Three things are worth tracking in the meantime, because they bear on users everywhere, not just in Europe.

Who actually controls your data routing. Under Extensions, each query sent through a third-party provider travels under that provider's privacy policy, not Apple's. The per-query permission gates are a real safeguard, but they place significant governance weight on individual decisions at massive scale. According to Beri.net's analysis, 81% of Apple Intelligence queries currently run on-device, with 14% going to Private Cloud Compute and 5% to ChatGPT by user opt-in. When Extensions go live this fall, Beri.net warns that distribution will shift, routing some queries to providers whose data practices vary considerably.

Where Apple's privacy claims rest on Apple's own assurances.

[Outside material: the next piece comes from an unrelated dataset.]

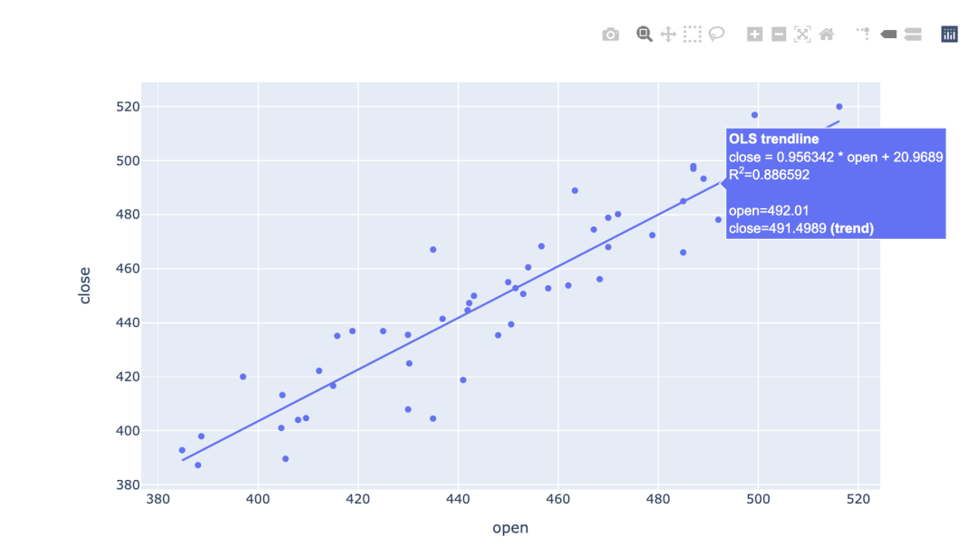 与seaborn类似,plotly图表主题不需要单独设置,使用默认参数即可满足正常情况下的使用,因此一行代码并设置参数trendline="ols"即可搞定散点图与拟合线的绘制,非常方便。

The Private Cloud Compute architecture is technically sophisticated and more open to external scrutiny than most comparable systems. But the strongest claims about data deletion, minimal off-device transmission, and third-party hardware isolation are currently verifiable primarily through Apple's descriptions and the limited inspections Apple enables. That gap matters whether you're a regulator deciding policy or a user deciding how much to trust the system (Ars Technica).

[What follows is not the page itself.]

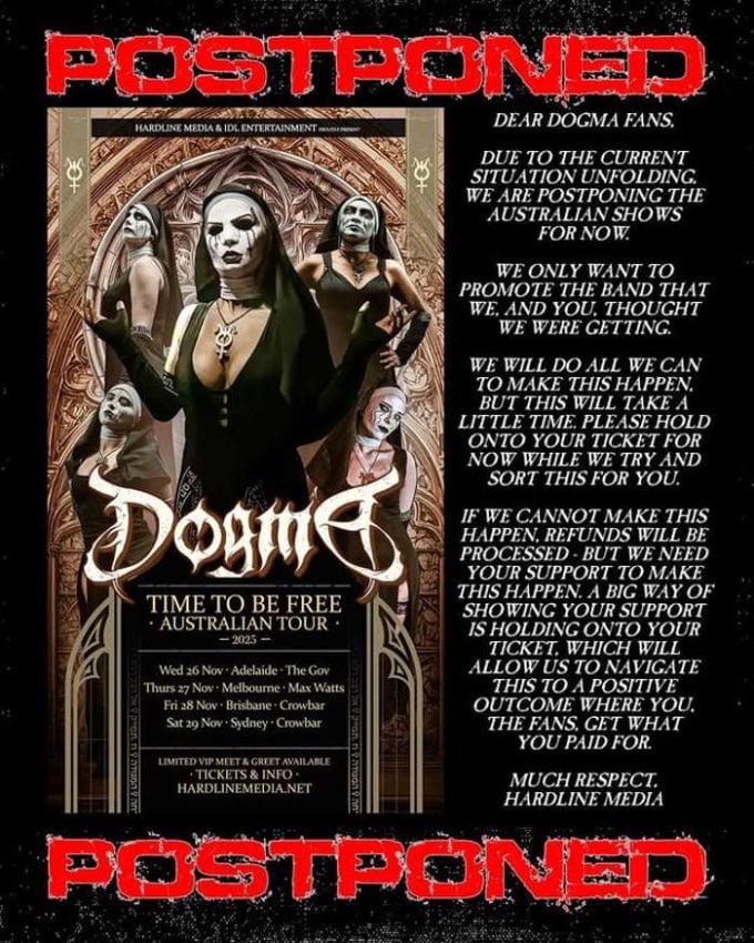Dogma’s upcoming Australian tour has been postponed by promoter Hardline Media amidst the ongoing accusations of manipulation and mistreatment from former members against the band’s management.

What the EU fight is really about. Apple has a legitimate technical argument that mediated, controlled interoperability is safer than unmediated parity access. The Commission has a legitimate competition argument that Apple shouldn't be the sole arbiter of which AI tools Europeans use. Neither position is obviously wrong. What both positions share is that they're advanced by parties with substantial competitive interests, and that user privacy is a useful argument for both, which is not the same as it being the primary concern of either.

The data risk from agentic AI is real, it's growing, and it was identified by researchers well before this regulatory standoff began. Europe didn't create it. Apple hasn't solved it. The structural vulnerabilities that come with giving any AI assistant deep access to your personal data exist independent of where negotiations between Cupertino and Brussels eventually land.